What is expected - Give back the whole listing verbatim, printing none of its pictures.

Data block -
+--

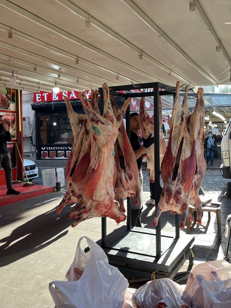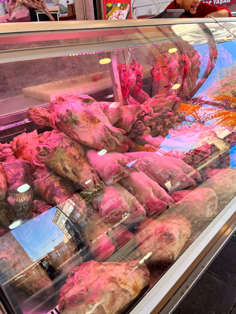 There were lots of sheep and goats heads, mostly skinned and lots of cows feet.. not any pig meat that I could see, but lots of offal of all descriptions especially tripe and intestines. Lots of things I really couldn’t identify and lots of awful smells. It was certainly an experience and I thought it interesting that even the local women were using their headscarves to cover their noses to enter some of the shops. At the second last shop we noticed a large cattle head displayed with his tongue hanging out. I would love to know how they prepared that for eating. It certainly would be an effort to carry it home.
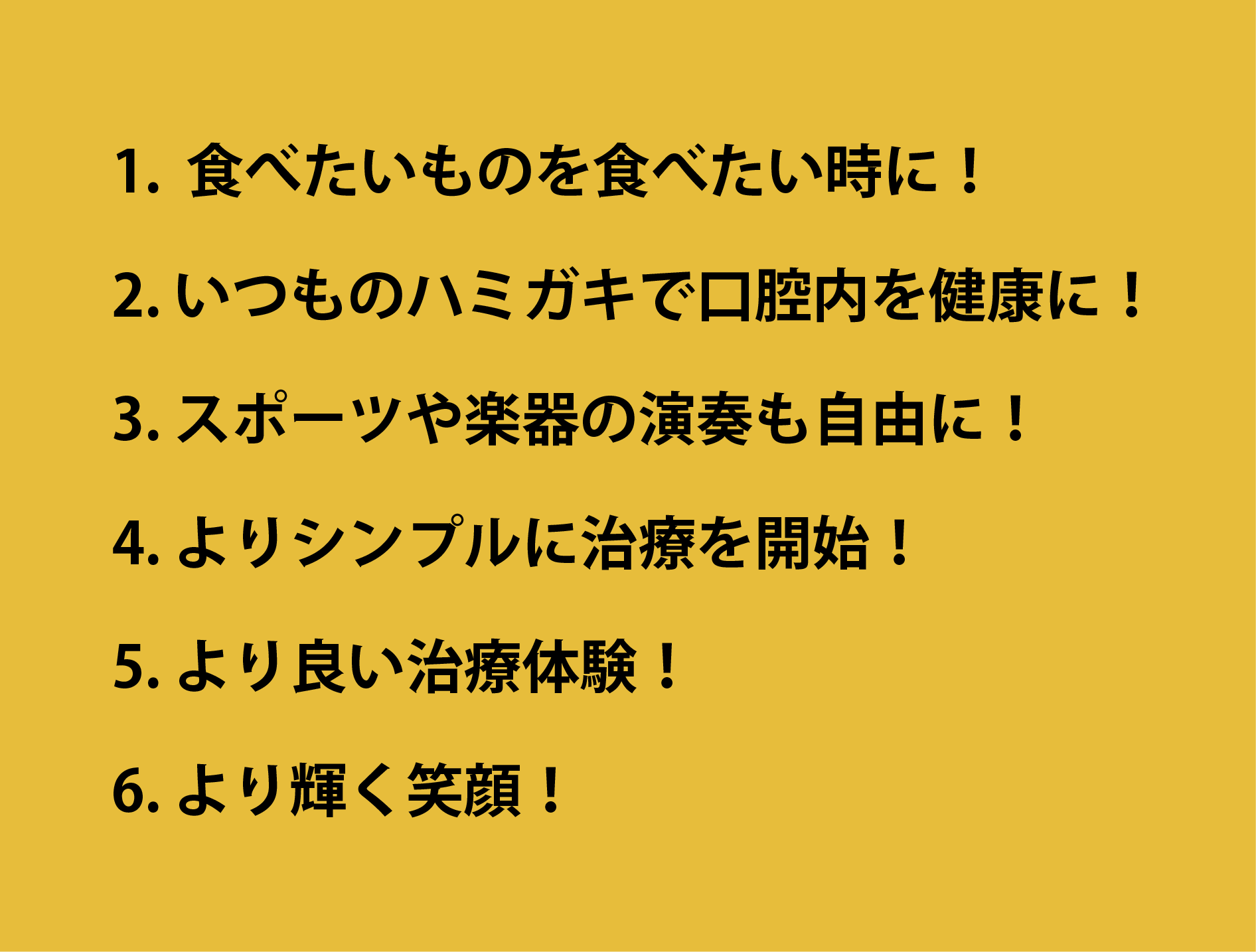 取り外し可能なため、好きなものを食べ、普段通り歯磨きをすることが可能です。また、スポーツや楽器の演奏も諦めることなく治療ができます。
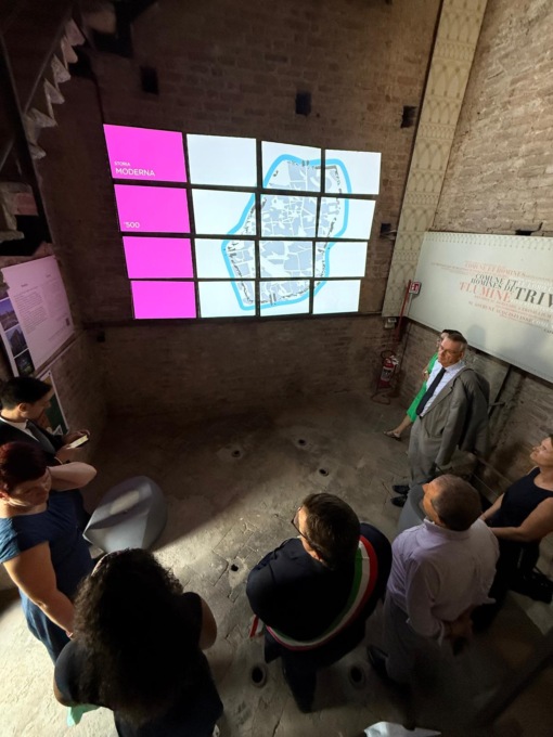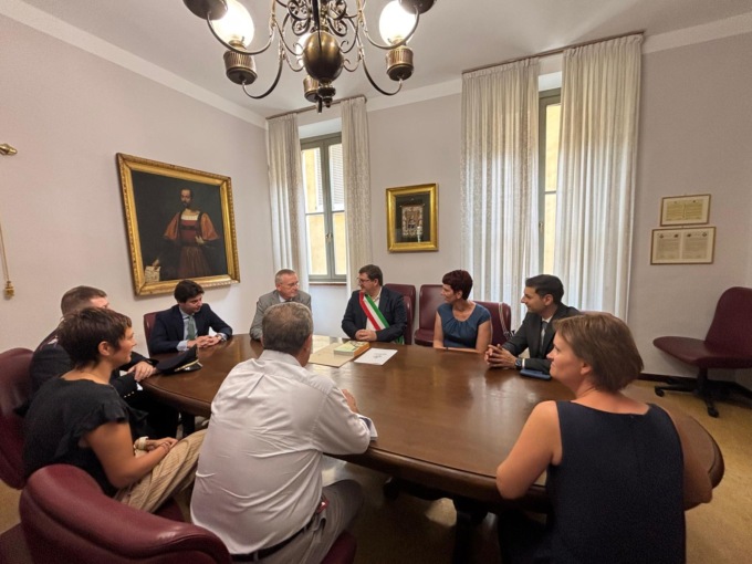 Ad accompagnare gli ospiti, oltre al sindaco, anche gli assessori Basilio Mangano e Michele Bornaghi, il vice comandante della Polizia locale Giacomo Bocchi, la responsabile dell’ufficio Cultura e dei Musei cittadini Elisabetta Ciciliot, il funzionario dello staff di TreviglioMusei Beatrice Resmini e le volontarie dello spazio espositivo “La Porta del Cielo”. La visita è iniziata dalle sale principali del Palazzo comunale (Giunta, Consiglio e Torretta), per poi proseguire al Museo Storico Verticale nella Torre Civica che ha offerto un suggestivo racconto della storia di Treviglio, dalla fondazione ai giorni nostri, culminato con la salita all’ultimo piano della torre.

+--

Solution for this problem -
 There were lots of sheep and goats heads, mostly skinned and lots of cows feet.. not any pig meat that I could see, but lots of offal of all descriptions especially tripe and intestines. Lots of things I really couldn’t identify and lots of awful smells. It was certainly an experience and I thought it interesting that even the local women were using their headscarves to cover their noses to enter some of the shops. At the second last shop we noticed a large cattle head displayed with his tongue hanging out. I would love to know how they prepared that for eating. It certainly would be an effort to carry it home.
 取り外し可能なため、好きなものを食べ、普段通り歯磨きをすることが可能です。また、スポーツや楽器の演奏も諦めることなく治療ができます。
 Ad accompagnare gli ospiti, oltre al sindaco, anche gli assessori Basilio Mangano e Michele Bornaghi, il vice comandante della Polizia locale Giacomo Bocchi, la responsabile dell’ufficio Cultura e dei Musei cittadini Elisabetta Ciciliot, il funzionario dello staff di TreviglioMusei Beatrice Resmini e le volontarie dello spazio espositivo “La Porta del Cielo”. La visita è iniziata dalle sale principali del Palazzo comunale (Giunta, Consiglio e Torretta), per poi proseguire al Museo Storico Verticale nella Torre Civica che ha offerto un suggestivo racconto della storia di Treviglio, dalla fondazione ai giorni nostri, culminato con la salita all’ultimo piano della torre.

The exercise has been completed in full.